» What needs to be done
Scan the data below for lines holding the word "person", and copy each line found.

» The data

= Beginning of Section =

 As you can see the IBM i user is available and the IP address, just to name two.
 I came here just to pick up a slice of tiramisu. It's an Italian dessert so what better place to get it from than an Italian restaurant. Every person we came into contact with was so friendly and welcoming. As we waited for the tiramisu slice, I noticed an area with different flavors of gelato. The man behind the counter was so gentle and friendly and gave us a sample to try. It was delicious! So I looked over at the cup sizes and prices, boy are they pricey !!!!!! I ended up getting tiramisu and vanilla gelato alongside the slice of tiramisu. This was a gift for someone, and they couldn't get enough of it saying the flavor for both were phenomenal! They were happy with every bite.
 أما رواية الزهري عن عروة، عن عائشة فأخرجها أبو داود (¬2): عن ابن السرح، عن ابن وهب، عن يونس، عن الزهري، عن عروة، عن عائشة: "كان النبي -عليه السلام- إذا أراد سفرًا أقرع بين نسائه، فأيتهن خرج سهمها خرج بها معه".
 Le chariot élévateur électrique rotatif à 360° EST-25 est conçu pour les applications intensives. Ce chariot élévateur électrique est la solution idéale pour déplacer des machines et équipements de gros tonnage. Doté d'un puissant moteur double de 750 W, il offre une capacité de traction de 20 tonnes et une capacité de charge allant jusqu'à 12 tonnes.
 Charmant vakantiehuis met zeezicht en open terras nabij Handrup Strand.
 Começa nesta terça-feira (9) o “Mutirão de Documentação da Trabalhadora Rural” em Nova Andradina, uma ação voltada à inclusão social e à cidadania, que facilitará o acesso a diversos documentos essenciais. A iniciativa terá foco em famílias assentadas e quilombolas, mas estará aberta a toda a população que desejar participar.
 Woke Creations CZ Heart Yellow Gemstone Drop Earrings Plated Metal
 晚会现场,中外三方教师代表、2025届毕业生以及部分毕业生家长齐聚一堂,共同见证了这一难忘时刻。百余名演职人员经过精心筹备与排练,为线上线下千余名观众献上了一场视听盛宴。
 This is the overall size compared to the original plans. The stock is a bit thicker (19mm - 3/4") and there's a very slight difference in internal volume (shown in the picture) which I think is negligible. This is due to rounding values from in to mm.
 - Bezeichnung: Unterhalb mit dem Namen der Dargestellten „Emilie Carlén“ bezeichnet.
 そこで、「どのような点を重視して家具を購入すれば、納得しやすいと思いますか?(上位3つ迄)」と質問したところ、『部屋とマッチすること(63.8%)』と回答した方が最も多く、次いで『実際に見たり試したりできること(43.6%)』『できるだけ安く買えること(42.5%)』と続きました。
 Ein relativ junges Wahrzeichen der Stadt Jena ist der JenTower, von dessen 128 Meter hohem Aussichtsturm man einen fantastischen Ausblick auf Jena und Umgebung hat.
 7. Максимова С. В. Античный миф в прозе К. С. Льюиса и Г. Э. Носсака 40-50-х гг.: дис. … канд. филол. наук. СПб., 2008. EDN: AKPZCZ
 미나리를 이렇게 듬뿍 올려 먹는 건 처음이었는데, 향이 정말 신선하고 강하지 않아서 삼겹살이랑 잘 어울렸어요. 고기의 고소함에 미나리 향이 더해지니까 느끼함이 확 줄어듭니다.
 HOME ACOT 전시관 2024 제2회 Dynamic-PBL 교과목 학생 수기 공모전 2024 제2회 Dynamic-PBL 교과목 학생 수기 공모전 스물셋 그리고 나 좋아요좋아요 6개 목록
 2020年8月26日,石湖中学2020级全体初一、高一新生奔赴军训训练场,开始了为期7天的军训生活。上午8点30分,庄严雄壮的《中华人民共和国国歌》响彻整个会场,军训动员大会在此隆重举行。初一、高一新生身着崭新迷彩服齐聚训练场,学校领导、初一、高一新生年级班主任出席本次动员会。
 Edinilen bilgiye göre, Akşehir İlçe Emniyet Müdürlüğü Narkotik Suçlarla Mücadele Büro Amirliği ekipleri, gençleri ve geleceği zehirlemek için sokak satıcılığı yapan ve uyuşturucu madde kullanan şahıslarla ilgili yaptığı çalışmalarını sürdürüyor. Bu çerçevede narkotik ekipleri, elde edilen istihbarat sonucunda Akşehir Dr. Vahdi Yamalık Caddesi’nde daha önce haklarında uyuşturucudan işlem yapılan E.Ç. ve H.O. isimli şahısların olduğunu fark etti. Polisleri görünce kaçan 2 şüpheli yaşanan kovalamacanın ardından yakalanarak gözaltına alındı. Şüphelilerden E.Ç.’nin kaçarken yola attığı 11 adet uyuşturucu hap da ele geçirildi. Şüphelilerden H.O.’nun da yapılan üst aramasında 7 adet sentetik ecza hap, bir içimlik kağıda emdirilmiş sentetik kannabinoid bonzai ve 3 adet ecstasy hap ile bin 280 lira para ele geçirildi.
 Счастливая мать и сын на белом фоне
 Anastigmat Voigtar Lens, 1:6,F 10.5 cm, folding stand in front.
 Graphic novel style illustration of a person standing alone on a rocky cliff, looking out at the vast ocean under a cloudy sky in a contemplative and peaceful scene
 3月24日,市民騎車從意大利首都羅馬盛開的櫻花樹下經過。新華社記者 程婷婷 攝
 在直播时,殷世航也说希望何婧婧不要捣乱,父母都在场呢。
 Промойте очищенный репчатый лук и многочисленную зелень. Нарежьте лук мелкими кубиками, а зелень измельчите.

= End of Section =

» Exercise output
 I came here just to pick up a slice of tiramisu. It's an Italian dessert so what better place to get it from than an Italian restaurant. Every person we came into contact with was so friendly and welcoming. As we waited for the tiramisu slice, I noticed an area with different flavors of gelato. The man behind the counter was so gentle and friendly and gave us a sample to try. It was delicious! So I looked over at the cup sizes and prices, boy are they pricey !!!!!! I ended up getting tiramisu and vanilla gelato alongside the slice of tiramisu. This was a gift for someone, and they couldn't get enough of it saying the flavor for both were phenomenal! They were happy with every bite.
 Graphic novel style illustration of a person standing alone on a rocky cliff, looking out at the vast ocean under a cloudy sky in a contemplative and peaceful scene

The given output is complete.